Advances in technology mean that more of a customer’s supply chain can be outsourced to UPS. For example, when an order comes into a mobile phone manufacturer, UPS puts the phone in the box along with promotional material, any additional accessories the customer may have ordered, programmes the phone so that it will work as soon as it is switched on and sends the order out to the customer.
Computer manufacturers often source keyboards, screens and hard drives from different suppliers around the world, but UPS can take all of the components and merge them into one order. The system is sophisticated enough to keep track, even if the manufacturer switches suppliers from country to country because of price changes.
But Gray’s favourite example of providing exactly what the customer wants was the time UPS hired a musician to tune guitars before the instruments were dispatched from the workshop.
Most of the information is provided through bar codes on individual items. While handling packages is a manual intensive business, the company tries to automate the process as much as possible, loading items onto conveyor belts that pass through overhead barcode readers.
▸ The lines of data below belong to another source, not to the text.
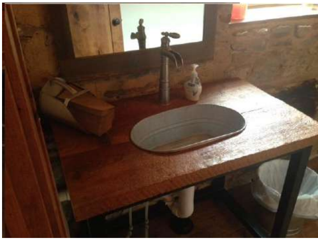
4 Rest Rooms
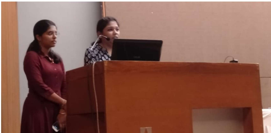
UMC team briefing district officers on SLRM technologies
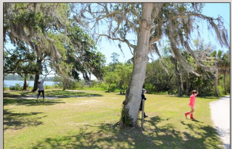
Thank you to all who pulled Spanish moss from camellias and trash from the marsh at Wesley Gardens.
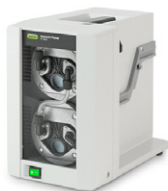
Vacuum Pump V-300 The economical and silent vacuum source
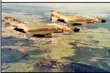
36th's F-4Ds flying over a German Castle c. Early 1970s.

12 Feb 1957, The 525th Fighter-Interceptor Squadron (525 FIS) arrived as a tenant unit, began flying operations at Bitburg originally equipped with the F-86H's and converted to the F-102A Delta Dagger in 1959.

UPS has looked into using radio-frequency identification (RFID) to manage the millions of moving parts of the company. When attached to packages, RFID tags send out radio signals to tell a receiver where the items are in the system.
‘We carried out a number of studies into the use of radio frequency devices, but it is not profitable for us to use them at the current pricing levels,’ says Gray.
But Gray says the firm is looking into the use of ultra-thin flexible display devices, known as electronic paper. ‘Each device is the thickness of about two to three sheets of paper with embedded electronics; it is flexible and can be programmed,’ he says. ‘It could be used as a sensor to detect humidity or temperature variations or if the goods experience a sudden shock that could damage them.’
The challenge will not only be to make sure the company can afford to use such technology, but that UPS also has the right IT in place to ensure it can cope with the amount of data such devices generate, says Gray. ‘Some may want extremely detailed information about their goods where as others will just want a summary.’
Technology is the backbone of UPS, ensuring that its business operates as smoothly as possible, but its customers are also well aware that more technology means they can demand more. ‘The amount of information available on the internet means our customers have become better informed and are rightly so much more demanding about the service they require from UPS.’
The challenge for UPS is to use its technology so that it can deliver and give the best possible service to each customer, even though their needs may be dramatically different – one may be shipping only one or two packages a week and another 10,000 – while ensuring such flexibility does not cause a meltdown.
‘The key to that is ensuring we have a few core systems that can then be customised without causing chaos,’ says Gray.
Next year, UPS celebrates its centenary. While Gray will be doing everything to ensure the company’s centenary Christmas season runs as smoothly as every other year, he knows that advances in technology are not going to slow down anytime soon.
‘Maybe by the time the company is in its 120th year we will be laughing at those old-fashioned text-based systems and managing our supply chains in real-time, three-dimensional, virtual reality,’ he says.